Any combination of file formats can be provided to cw_get_pdb_structures to download every file type for each PDB accession in the local CAZyme database. To list multiple file formats, separate each file format with a single space (’ ‘). For example, to download the mmCif and xml files for every PDB accession in a local CAZyme database (located at cazy/cazyme_db.db), use the following command:

cw_get_pdb_structures cazy/cazyme_db.db mmCif xml

Warning

The file formats are case sensitive. For example, make sure to use ‘mmCif’ not ‘mmcif’.

Command line options

database - REQUIRED Path to a local CAZyme database to add UniProt data to.

pdb - REQUIRED List of file formats to retrieve from PDB for each PDB accession.

--batch_size - Size of an individual batch query of PDB accessions submitted to PDB. Default is 150.

--cache_dir - Path to cache dir to be used instead of default cache dir path.

--cazy_synonyms - Path to a JSON file containing accepted CAZy class synonsyms if the default are not sufficient.

--config, -c - Path to a configuration YAML file. Default: None.

--classes - list of classes to retrieve UniProt data for.

--ec_filter - List of EC numbers to limit the retrieval of structure files to proteins with at least one of the given EC numbers in the local CAZyme database.

--families - List of CAZy (sub)families to retrieve UniProt protein data for.

--genbank_accessions - Path to text file containing a list of GenBank accessions to retrieve protein data for. A unique accession per line.

--genera - List of genera to restrict the retrieval of protein to data from UniProt to proteins belonging to one of the given genera.

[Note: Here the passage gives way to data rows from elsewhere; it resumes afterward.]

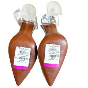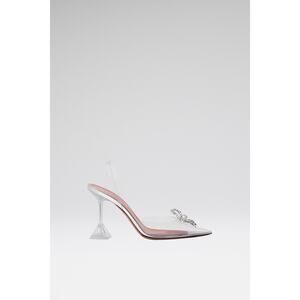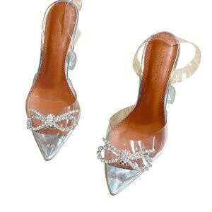 Amina Muaddi Women's Rosie Glass Sling Transparent PVC Shoes Heels Size 7 Flawed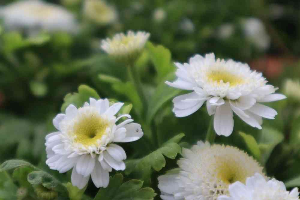 お花はマトリカリア。別名夏白菊。イヌカミツレ。丈は15〜20センチ。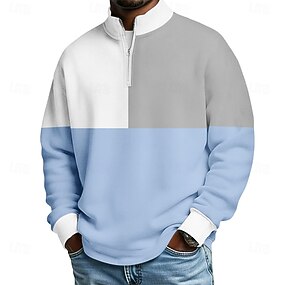 Herren Farbblock Poloshirts mit Reißverschluss Langarm Polo-Shirts Großvaterkragen Lässig Schule Athleisure Ferien Alltagskleidung 3D-Druck Viertelreißverschluss-Poloshirt Herbst Winter Frühling Blau

--kingdoms - List of taxonomy kingdoms to retrieve UniProt data for.

--log, -l - Target path to write out a log file. If not called, no log file is written. Default: None (no log file is written out).

--nodelete, -n - When called, content in the existing output will not be deleted. Default: False (existing content is deleted).

--nodelete_cache - When called, content in the existing cache dir will not be deleted. Default: False (existing content is deleted).

--outdir, -o - Define output directory to write out structure files. Default, write structure files to current working directory.

--overwrite - Overwrite existing structure files with the same PDB accession as files being downloaded. Default false, do not overwrite existing files.

--retries, -r - Define the number of times to retry making a connection to PDB if the connection should fail. Default: 10.

--sql_echo - Set SQLite engine echo parameter to True, causing SQLite to print log messages. Default: False.

--species - List of species (organsim scientific names) to restrict the retrieval of protein to data from UniProt to proteins belonging to one of the given species.

--strains - List of species strains to restrict the retrieval of protein to data from UniProt to proteins belonging to one of the given strains.

--timeout, -t - Connection timout limit (seconds). Default: 45.

--uniprot_accessions - Path to text file containing a list of UniProt accessions to retrieve protein data for. A unique accession per line.

--verbose, -v - Enable verbose logging. This does not set the SQLite engine echo parameter to True. Default: False.

Basic Usage

The command-line options listed above can be used in combination to customise the retrieval of protein structure files from PDB for proteins of interest. Some options (e.g. --families and --classes) define the broad group of proteins for which structure files are retrieved, others (e.g. --species) are used to filter and fine-tune the protein dataset for which structure files are retrieved.

The --classes, --families, --kingdoms, --genera, --species, and --strains filteres are applied in the exactly same for retrieving data from CAZy and UniProt, as retrieving data from PDB. Examples of using these flags can be found in the cazy_webscraper and cw_get_uniprot_data tutorial in this documentation.

Note

To retrieve protein structures for members of specific CAZy subfamilies, list the subfamilies after the --families flag.

Structure file retrieval from PDB

The command for using cazy_webscraper for retrieval of PDB structure files from PDB is cw_get_pdb_structures.